Reproduce the whole listing exactly, omitting any picture it holds.

-------- Dataset extract

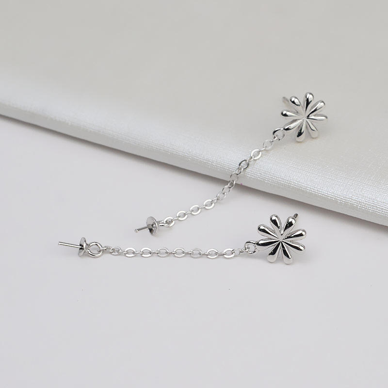 Handmade S925 Silver & 7-12 Pearl Lucky Grass Earrings Korean Edition DIY Female Studs with Empty Support Fashion Accessories
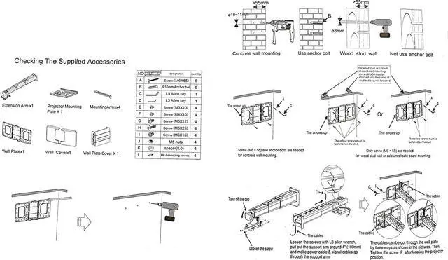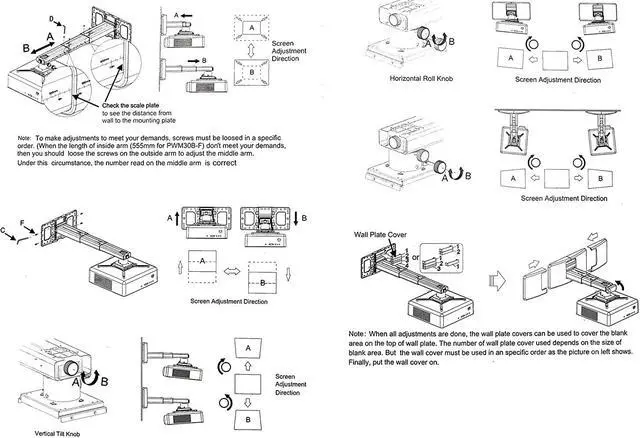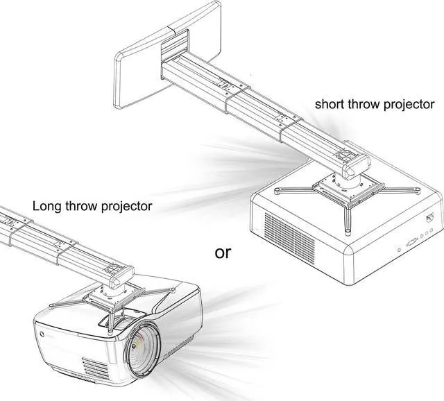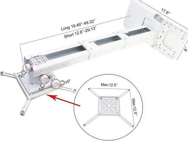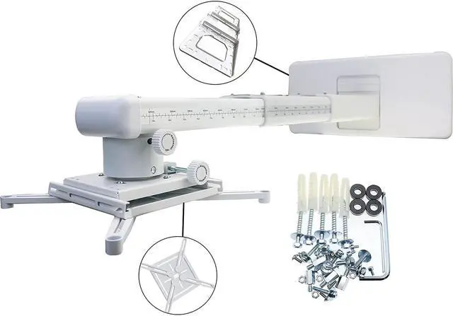 The mounting plate of the projector bracket has four adjustable and freely retractable horizontal axis mounting arms, which is a universal mounting bracket for ultra short distance projectors. The maximum distance between mounting holes on the back of the projector must be less than 12.5 inches.
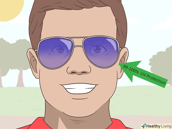 Носіть сонцезахисні окуляри з захистом від ультрафіолету. тривалий вплив сонячних променів може викликати або посилити кератоконус. Виходячи з дому, не забудьте надіти сонцезахисні окуляри, що блокують 99-100% УФ-променів, щоб уберегти очі. Знайдіть окуляри, на яких написано, що вони захищають від ультрафіолету, або попросіть лікаря або фармацевта порадити Вам захисні окуляри. [5]
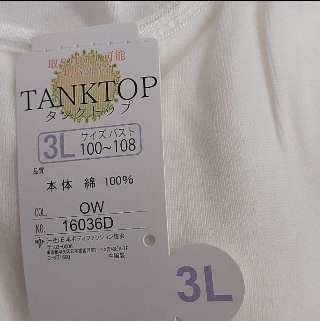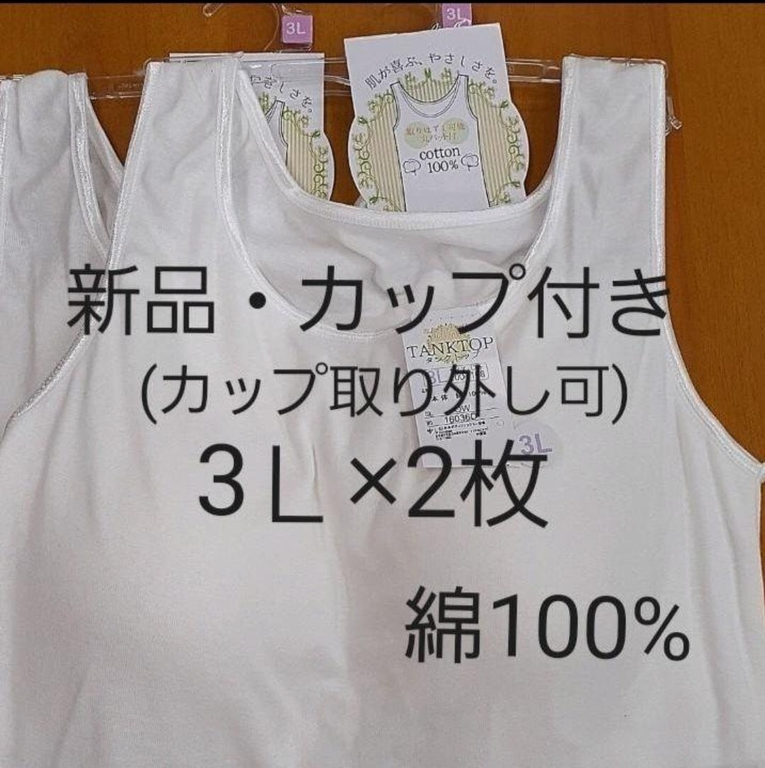☆新品綿100%☆3Lレディースカップ付きタンクトップ白2枚(カップ取り外し可)

----------------

Reply to the task —
 Handmade S925 Silver & 7-12 Pearl Lucky Grass Earrings Korean Edition DIY Female Studs with Empty Support Fashion Accessories
 The mounting plate of the projector bracket has four adjustable and freely retractable horizontal axis mounting arms, which is a universal mounting bracket for ultra short distance projectors. The maximum distance between mounting holes on the back of the projector must be less than 12.5 inches.
 Носіть сонцезахисні окуляри з захистом від ультрафіолету. тривалий вплив сонячних променів може викликати або посилити кератоконус. Виходячи з дому, не забудьте надіти сонцезахисні окуляри, що блокують 99-100% УФ-променів, щоб уберегти очі. Знайдіть окуляри, на яких написано, що вони захищають від ультрафіолету, або попросіть лікаря або фармацевта порадити Вам захисні окуляри. [5]
☆新品綿100%☆3Lレディースカップ付きタンクトップ白2枚(カップ取り外し可)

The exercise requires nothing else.